Kiasmos
When the Unicorn Met the Wise Ape
Jun 25, 2015
Best Kept Secret 2015
It’s a hot day at Best Kept Secret, and Janus Rasmussen and Ólafur Arnalds are incredibly relaxed. (It probably doesn’t hurt that deep into their swing through the summer festival circuit, they’re both nursing slight hangovers.) Still, both musicians visibly cringe when the idea of an “obvious” question is brought up. It’s actually a query about their band name (a bastardization of the word ‘chiasmus,’ which they’re quite happy to discuss). But the members of Kiasmos were expecting something else—once again having to describe what it’s like to be a working band from Iceland.
“I couldn’t imagine if I had to go to the studio with somebody in Los Angeles, Rasmussen muses. “You’d probably have to plan it in advance in a long time. And then you spend two hours in traffic, get there and nothing happens. That would totally bum me out. But that doesn’t happen.”
By their estimation, Kiasmos, in its early stages, began back in 2006. Having repeatedly mixed Bloodgroup while working as a sound tech at a local club called Organ, Rasmussen invited Arnalds to come on tour with his band, doing both sound work and heavy lifting. (“I don’t carry stuff anymore!” Arnalds jokes at the memory.) Along the way, they discovered a shared love to techno.

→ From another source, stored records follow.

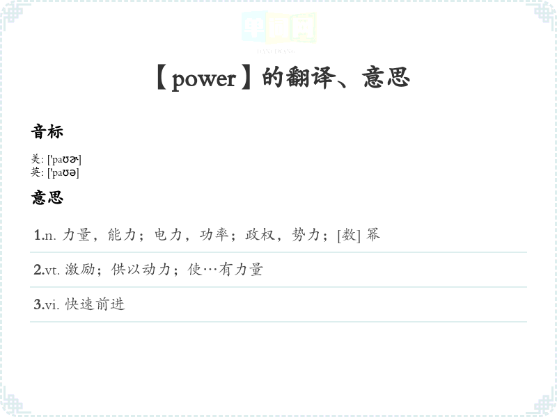- 音标记忆法:可以将“power”的发音记作/pɑːər/,联想为“强烈”的声音。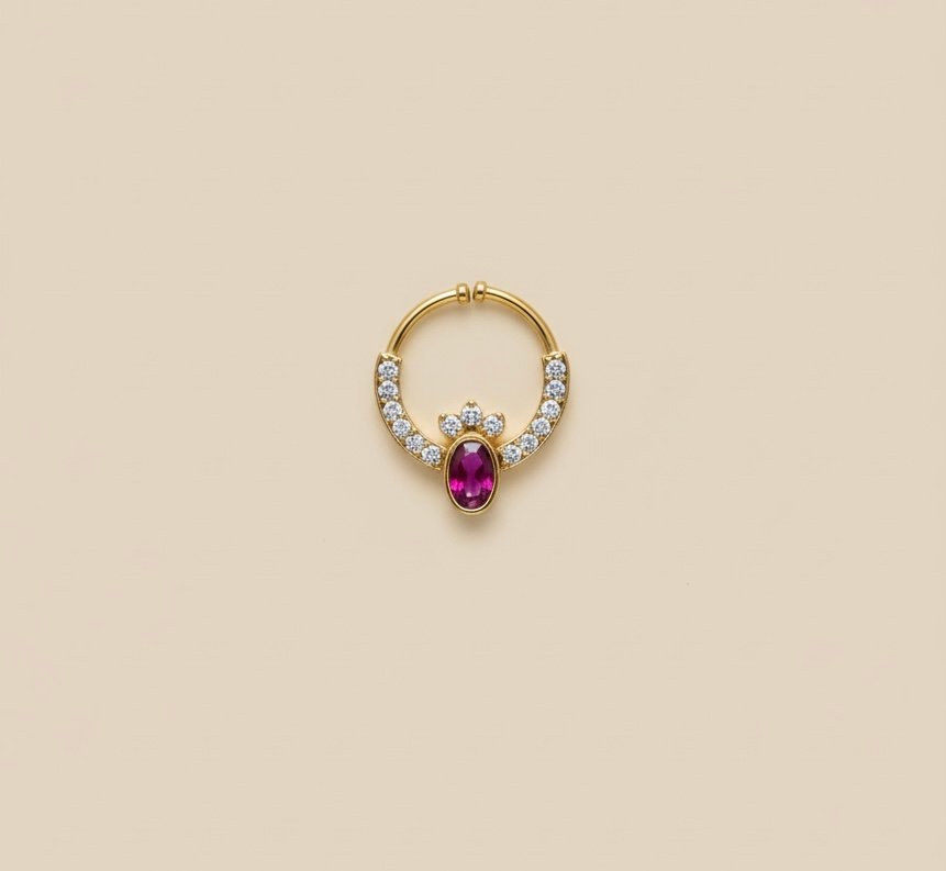 Premium Gold Plated AD Stone Non Piercing Septum Ring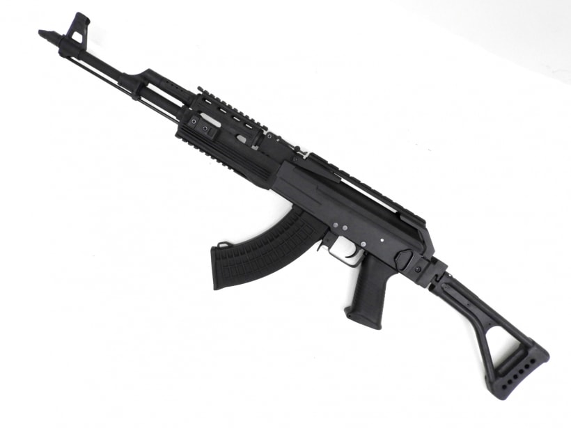 AK47にトップレールやRASハンドガードを装備させ、ストックを横に折りたたみ出来るフォールディングストックとした最新のタクティカルカービン。レシーバー、アウターバレル、ストックが金属で構成されたフルメタル電動ガンです。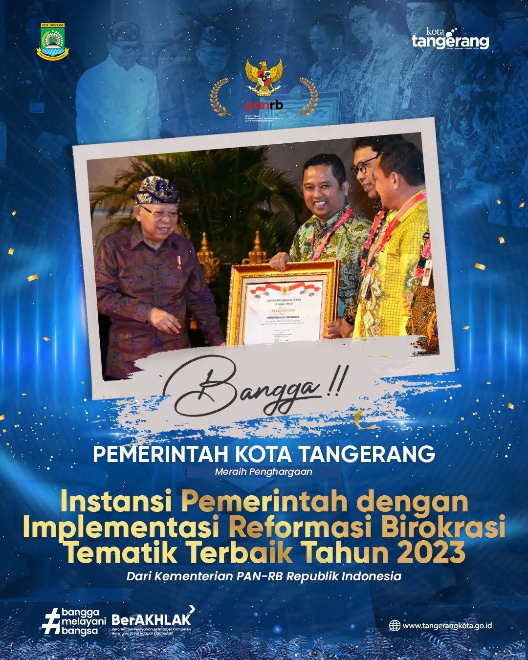 Alhamdulillah, Pemerintah Kota Tangerang telah meraih penghargaan Instansi Pemerintah dengan Implementasi Reformasi Birokrasi Tematik Terbaik Tahun 2023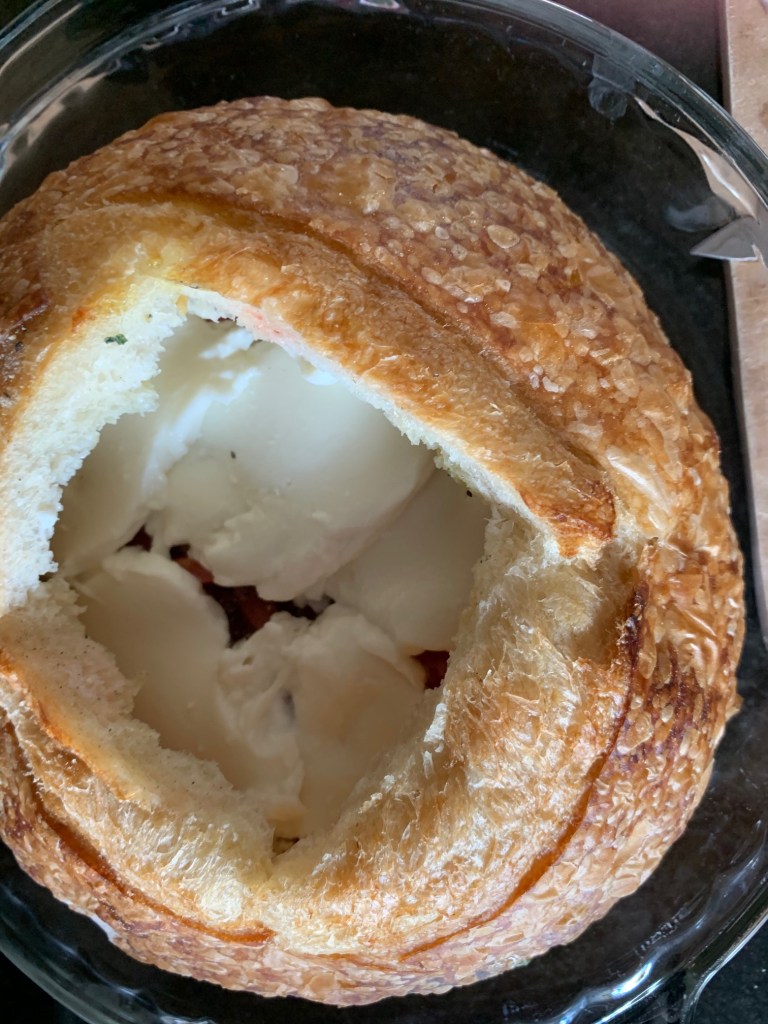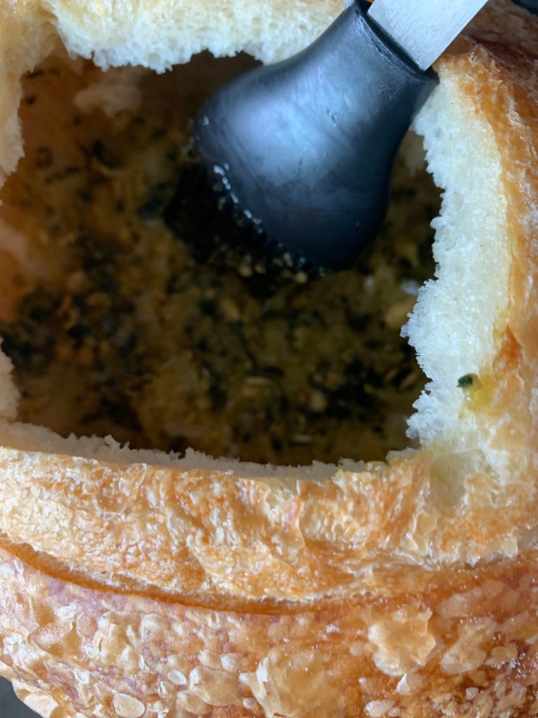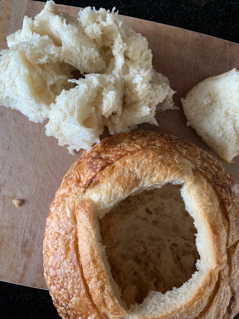 I cut the cap off of the bread and pull out the bread stuffing.

“It was really funny, him putting up huge PAs,” Rasmussen recalls. “Every night we’d put on a techno tune and be like, ‘whoa!’…It was hard and fast and evil. Very dark. Really dark. If I listen to it today I don’t really understand myself. It’s really heavy.”
Their collboration began as a way for Rasmussen and Arnalds to tap into their shared influences while killing hours in transit. Both members describe their initial tracks, released by British label Erased Tapes in 2009, as “deep and weird.” Encouraged by the initial response to their collaboration, but buffeted by responsibilities (Rasmussen regularly gigs as a producer, Arnalds, who won a BAFTA for his work on BBC series Broadchurch, is in demand both as a solo artist and composer), it would take until early 2014 for the pair to find uninterrupted work time. Schedules cleared, they pounded out an idea a day for two weeks—shaping the best of them into what would become their self-titled debut.
Pointed away from the dance floor throb of their earlier work, Kiasmos, is a fusion of hopped-up beats and unabashed sentimentality, disco groves and ambient synth drones mixed into a throbbing, post-pop swirl. There’s a definite bite—the abrasive pulls of “Thrown” and the deep, twisted thump of “Bent” reveal artists unafraid of hitting hard. With their approach changing from song to song, and the cascade of ideas that inevitably follow their free-form approach, both men claim they can’t even pick out their individual collaborations at this point. Mind-melding, it seems, isn’t completely out of the question. After all, at this point they know each other really, really well.
“Janus’ spirit animal is a purple unicorn,” Arnalds offers.
“Oli is like this really grand, old ape,” Rasmussen cracks.
Old and wise? Yes, agrees Arnalds.
“I go ooo ooo oo!” he laughs, mimicking a monkey. “But then I have some wisdom for the young ones.”
At this Rasmussen and Arnalds laugh.
“I’ve been touring a lot for the last seven or eight years,” Arnalds continues, confirming that working with your best friend is every bit as fun as one might imagine. “But this is a different experience. It’s very exciting for me, even if initially the shows were a couple of steps smaller. Suddenly everything is a little less pro and there’s a little less crew and infrastructure. It’s very exciting to try something else. But it’s growing very fast.”